On July 21, a diverse consortium of leading corporate executives and business leaders released the compilation, “Commonsense Principles of Corporate Governance.”

The stated goal of the consortium is to offer a set of principles on which they found common ground, in the hope that they will promote further conversation on corporate governance.

These principles address the following topics, among others: Board Composition; Director Responsibilities; Shareholder Rights; Public Reporting; Board Leadership; Management Succession Planning; and Compensation of Management. They emphasize critical issues of director engagement, independence, accountability and refreshment.

In many respects, the “Commonsense Principles” is one of the most substantive statements of corporate governance principles since the 2012 release by The Business Roundtable association, of its “Principles of Corporate Governance.”

That notwithstanding, the “Commonsense Principles” disappoint to the extent they do not address such critical governance concepts as board oversight of compliance and risk management, and assuring the proper hierarchical role of the general counsel. They also do not adopt a firm position on controversial concepts of director length of service and mandatory retirement age.

While intended primarily for public companies, a substantial majority of the “Commonsense Principles” have direct application to the corporate governance of large nonprofit organizations, such as health systems, academic medical centers, disease charities, health insurance companies and educational institutions.

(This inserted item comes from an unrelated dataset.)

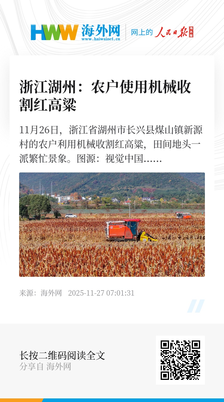 32911704,.浙江湖州:农户使用机械收割红高粱,.2025-11-27 07:01:31,.204441,.张荣耀、姚凯红

Broadly speaking, “best practices” refer to behavior beyond that required by basic, accepted methodologies or minimum legal standards. As such, they are considered aspirational goals as opposed to legal requirements or mandates. Importantly, the adoption of governance “best practices” can be interpreted as a demonstration of “good faith” by the governing board, and the exercise of “good faith” is considered by courts to be an effective prophylactic against director liability.

Board governance committees are well advised to discuss the “Commonsense Principles” at an upcoming meeting.